Microsoft’s Activision Deal Tests a New Global Alignment on Antitrust

a very tall building with a lot of windows

As the old saying goes, “If it ain’t broke, don’t fix it.” And yet, here we are. Microsoft, a company not exactly known for its stellar record when it comes to antitrust regulation, has decided to plow ahead with its acquisition of gaming giant Activision Blizzard, a move that is already being met with resistance from the European Union.

The EU has issued a formal antitrust warning to Microsoft over the deal, citing concerns that the merger could reduce competition in the video game market. Microsoft, for its part, remains confident that it will be able to address the EU’s concerns.

“We are confident that the transaction will increase competition in the video game industry and offer gamers more choices,” a Microsoft spokesperson said in a statement.

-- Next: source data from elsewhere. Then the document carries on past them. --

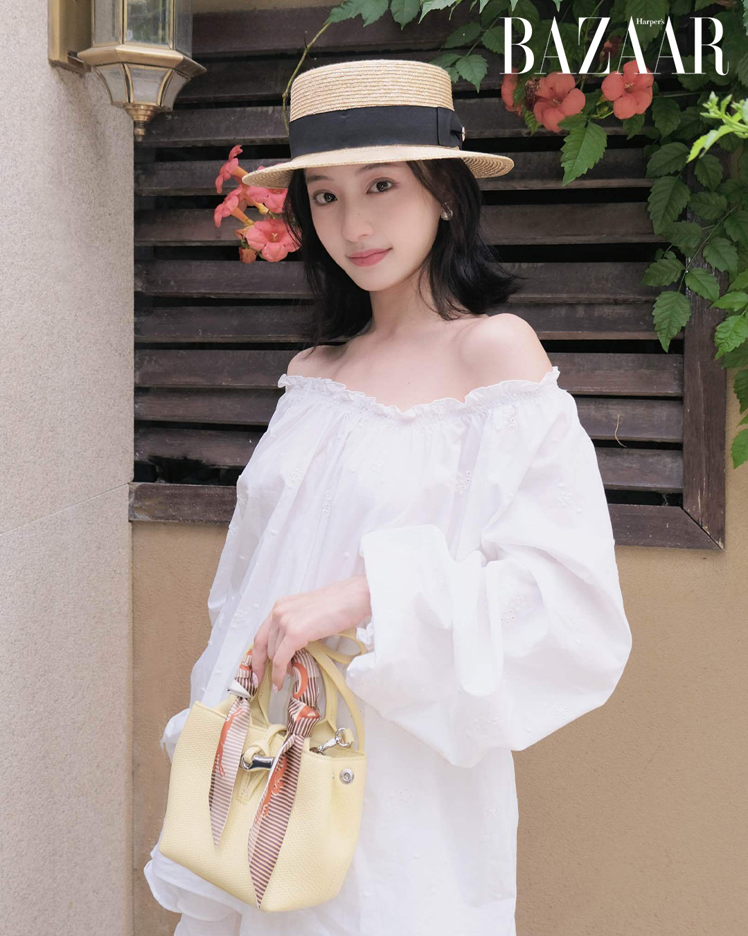 Chiếc túi xách Longchamp Le Roseau sắc vàng non tươi sáng của Hồ Liên Hinh như một lời chào gửi đến những ngày nắng đẹp. Chất da bò vân hạt cao cấp cùng phom túi đứng dáng tạo nên vẻ gọn gàng, trong khi chi tiết khóa tre ánh bạc mang hơi thở Pháp thanh lịch, khiến chiếc túi trở thành điểm nhấn đầy duyên cho tổng thể. Thiết kế linh hoạt với quai xách và dây đeo dài giúp chiếc Le Roseau dễ dàng đồng hành trong mọi khoảnh khắc, từ những buổi dạo biển thong dong đến chiều cafe lười biếng.
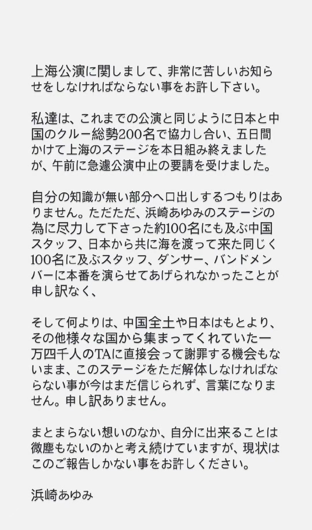 官方掐麦背后的民间未抵制 日本艺人大槻真希昨晚上海演唱会中途被强行掐麦,干脆说拉闸更确切些,成为今日最令人震惊的新闻。 另一位日本艺人滨崎步原定今日的上海演唱会则因不可抗力取消。滨崎步对着有100名中国工人与100名日本工人耗时五天共同搭建的豪华四面台心翻巨浪,听说昨晚她对着上万个空座独自唱完了全场,而这一切,本该留待24小时后的今晚的满坑满谷的观众。这条新闻也让人震惊。 根据滨崎步在社交平台发布的消息,她的上海演唱会售出了1万4000张票;而从大槻真希演唱会的现场视频来推测,她的观众也可以用满坑满谷来形容。也就是虽然近日中日关系紧张,但民间没有对日本艺人演唱会进行自发的抵制。 噫,民间跟官家,没有对表。
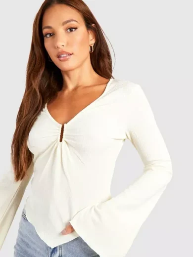 BASIC RIB ASYMMETRIC LONG SLEEVE TOP
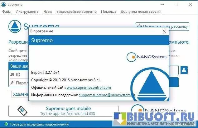 Supremo – утилита для удаленного управления другим компьютером на платформе Windows. Программа не требует установки и готова к работе сразу же после распаковки. Дополнительных настроек роутера и антивирусного ПО проводить не нужно.
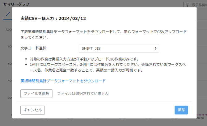 実績一括入力シートは事業所に登録されている作業に合わせて都度生成しています。最新のシートをダウンロードしてご利用ください。 - [ファイルを選択]をクリックし、対象CSVファイルを選択します。選択が完了すると、選択したファイルのファイル名が右に表示されます。
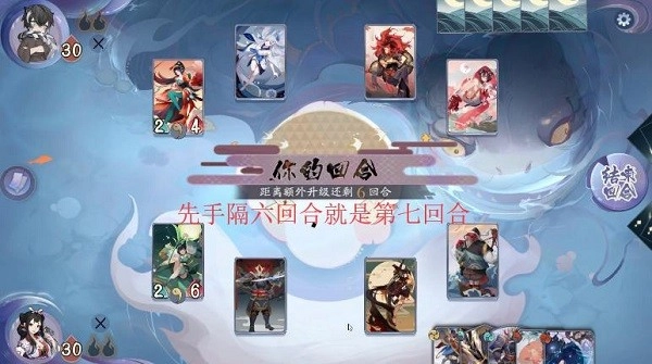 先手开局对方战斗区没有式神,我方可以获得一次直接打对方的牌手的机会。先手开局会率先将一个式神升到3级,获得一次改变局势的机会。

The EU’s concerns are not without merit. The video game market is already highly concentrated, with just a handful of companies accounting for the lion’s share of sales. If Microsoft is allowed to acquire Activision Blizzard, that concentration will only increase.

That could lead to higher prices for consumers, as well as less innovation in the industry. It’s a classic case of antitrust concerns, and the EU is right to be worried.

Microsoft has until March 5th to respond to the EU’s concerns. It remains to be seen whether the company will be able to address them satisfactorily. But one thing is for sure: the EU is not going to let this deal go through without a fight.